Clicking the link brought up a page of instructions, and a little notice from Firefox that told her it was downloading "sleepytimeff.mp3" to her hard drive. While it downloaded, she read the instructions (since that seemed to be an acceptable alternative to grabbing her monitor and shaking it while shouting, "Transfer the file faster, you useless hunk of crap! I want to
sleep
!")
"While the file is downloading," the site read, "get yourself a candle and find a safe place to put it where you can see it from your bed." Sandy stood up and looked around. A candle? She knew that some women liked to have candles all over the house for decoration, but she'd always preferred those little decorative fountains instead. (She tried putting one of those in her bedroom for a while, back when the insomnia had first kicked in. Figured it'd help her drift off to sleep. All it had done was make her need to pee.)

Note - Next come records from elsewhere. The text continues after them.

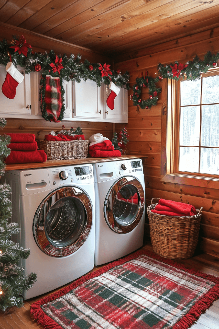 Make laundry time merry with a little cabin Christmas laundry room filled with festive charm. Small sleigh bells on handles jingle as you go about your chores. Red and green towels brighten the space instantly. Soft lights and cheerful mats make even folding clothes feel fun.
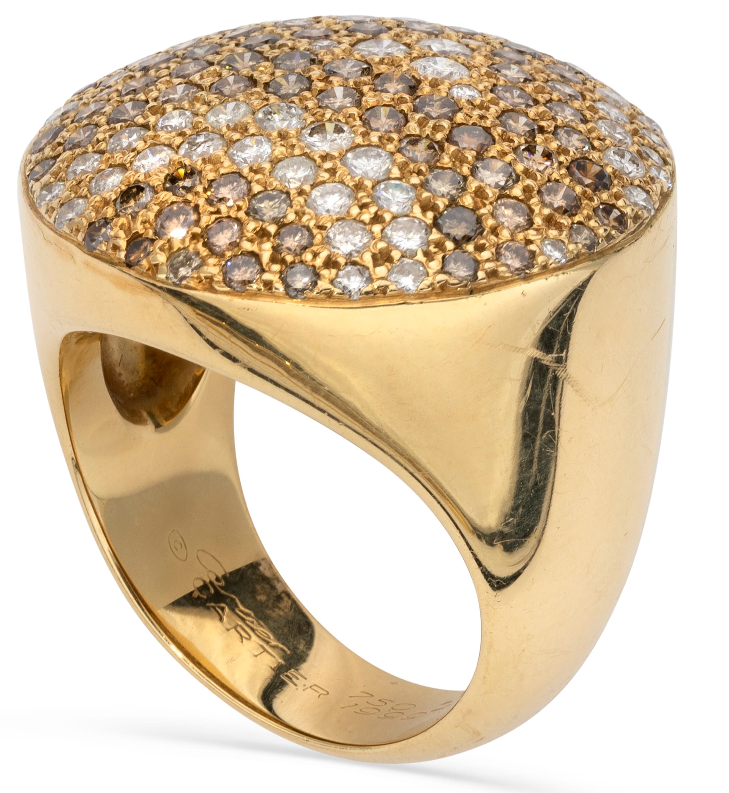 The raised dome set with 50 round diamonds and 75 diamonds of cognac colour weighing approximately 1.2 ct
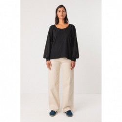 Camiseta holgada de cuello redondo y mangas murciélago. Detalles plisados en los puños y aberturas laterales.
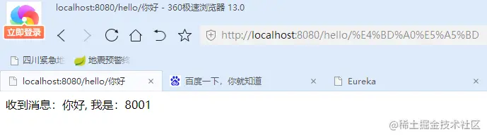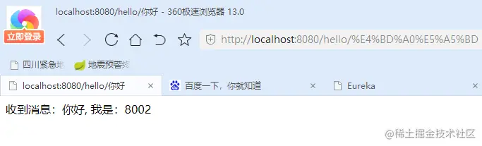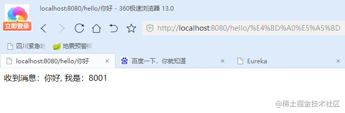 4.6 浏览器中访问localhost:8080/hello/你好**,可以看到输出结果,再次刷新访问,可以发现每次调用不同端口。**

She headed downstairs, racking her brains in an effort to think of where she might have a candle. She found the decorative candlestick that Aunt Gladys had willed to her, the one she'd loved as a little girl, but there was no candle to put into it. Three blackout flashlights, a pack of matches, and a cigarette lighter from back before she quit smoking, but no candles anywhere. "Goddammit!" she cried out, startling the cat.
She went back upstairs and sat back down in front of the computer. Maybe there was another set of recordings somewhere, ones that didn't require a candle. Maybe she could start a new search for "insomnia + hypnosis", find someone else that could help, maybe she could...oh, fuck it. Sandy grabbed a shirt and pulled it on over her nightgown, following it with a pair of sweatpants. She probably looked like hell, but the people visiting a Wal-Mart at 2:30 AM always looked terrible, right? Not that Sandy really knew. She normally was sound asleep at this time of night. But "normal" had left the building a month ago.
She drove the ten miles to Wal-Mart with an almost paranoid caution; Sandy might not be able to sleep, but that didn't mean she felt particularly awake, either. The last thing she needed was a cop pulling her over in the middle of the night for reckless driving. In her current state, she'd probably wind up getting arrested for assaulting an officer. Then again, at this point Sandy felt like she was willing to take a nightstick to the back of the skull if it meant getting to sleep.
After pulling into the parking lot, she wandered up and down the aisles like a zombie for several long minutes, trying to figure out where exactly they kept candles. 'Home Furnishings'? 'Hardware'? 'Cheap Decorative Shit For People Who Have Too Much Free Time On Their Hands, Because They Don't Work A High-Pay, High-Stress Job That's Also Kept Them From Having Any Kind Of Social Life For The Last Three Years'? (Okay, that was the insomnia talking again. Sandy loved her job. Stressful? Yes. Busy? Yes. But she'd been a partner at the firm for over a year now, and if that was enough to cause insomnia, surely she'd have gotten it before now?)
Candles! "Oh, thank you sweet and merciful God," Sandy whispered, not even caring if anyone heard her. Because candles meant that she could listen to this recording, and listening to this recording meant that she could get hypnotized, and getting hypnotized meant sweet, blissful, restful sleep! She practically sprinted to the checkout aisle with them.
The woman working the checkout aisle looked pretty much exactly like Sandy had always pictured late night Wal-Mart employees--doughy, sullen, and with an expression of vague contempt on her face. Sandy handed over the candles without a word, and the cashier scanned them in silence. "Twelve twenty-five," she said after a brief pause, her voice making it clear that the words were a necessity of her job, not an attempt at social interaction.